She flinched when Felix reached out, but did not draw away. A rather curious reaction as she had always retreated, in some way or another, whenever Ezra touched her. But that was something to be considered when her breath was once again her own and her blood was not roaring in her ears and her heart was not racing fast as a hummingbird’s wing.

“What – what are you doing?” she asked warily when the rough pad of his thumb traced the delicate line of her collarbone. He had the hands of a working man, the skin calloused and sun kissed. As a lady she should have been repulsed, but as a woman she found herself hopelessly, helplessly intrigued. Felix was the embodiment of everything she had been taught to avoid. But there was something tantalizingly forbidden about desiring what she shouldn’t.

“Seeing if you feel as soft as I remember.” His husky whisper sent ribbons of heat slithering down into her belly. Those warm golden eyes held her captive as his hand followed the natural curves of her body, fingers brushing over linen and lace before sinking into her hip and drawing her close.

She sucked in a breath when she felt his hard thigh against her own.

Closed her eyes when his head lowered…

“Who are you and what are you doing to my mother?”

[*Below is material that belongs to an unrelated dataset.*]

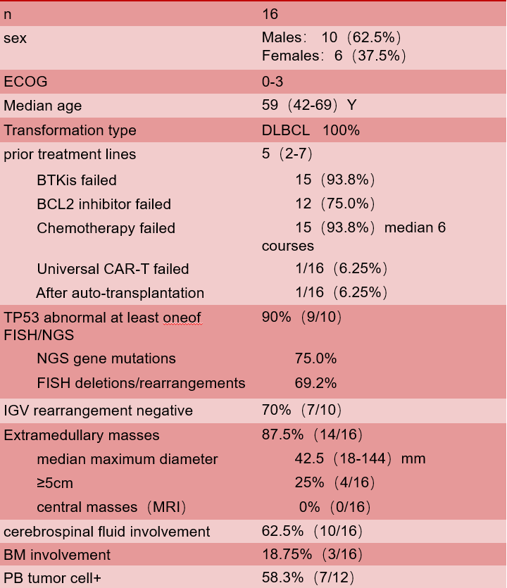 结果:在2020年2月1日至2023年2月28日期间,本中心对16例诊断为RT的患者进行了CAR-T细胞治疗,这些患者均发展为弥漫性大B细胞淋巴瘤。患者中位年龄为59岁(范围:42~69岁),男性占62.5%(10/16),女性占37.5%(6/16)。美国东部肿瘤协作组(ECOG)评分为0~3分。中位既往治疗线数为5线(2~7)。既往BTKis治疗失败的占93.8%,BCL2抑制剂治疗失败的占75%;93.8%接受过化疗(中位6个疗程)。1例患者先前通用型CAR-T细胞治疗失败,另1例患者在自体移植后复发。90%的患者通过FISH或二代基因测序检测到至少一种TP53异常。87.5%(14/16)的患者发现髓外肿块,中位最大直径为42.5 mm(18~144mm)。肿块>5 cm者占25%(4/16),骨髓受累者占62.5%(10/16),脑脊液受累者占18.75%(3/16)。所有患者的MRI检查均未发现中枢肿块。

Felicity jumped back as if she’d been scalded by boiling water when the bedroom door suddenly swung open to reveal a suspicious looking Henry with his arms folded tightly across his chest and a curious Anne peering out from behind his back.

The children!

Her cheeks went pale even as guilt and shame heated the nape of her neck and burned the tips of her ears. How could she have forgotten about them, even for one single second? What would she have said if they’d caught her and Felix kissing? How would she have explained? They were too young to understand. Heavens, she was nearly five and twenty and even she didn’t understand.

It is all his fault, she decided with a glare at Felix. He never should have come here, let alone tried to seduce her! What was he thinking? Better yet, what was she thinking? Yes, Felix was charming and yes, one glance at him and her knees trembled, but he was a man and if there was anything she knew with absolute certainty it was that men could not be trusted. 

Oh, they were all charming at first. Especially the handsome ones. But once they had what they wanted or they saw something they wanted more off they went, heedless of the broken hearts they left in their wake. They did not care about the harm they caused or the lives they ruined. They thought only of themselves, and Felix was no different.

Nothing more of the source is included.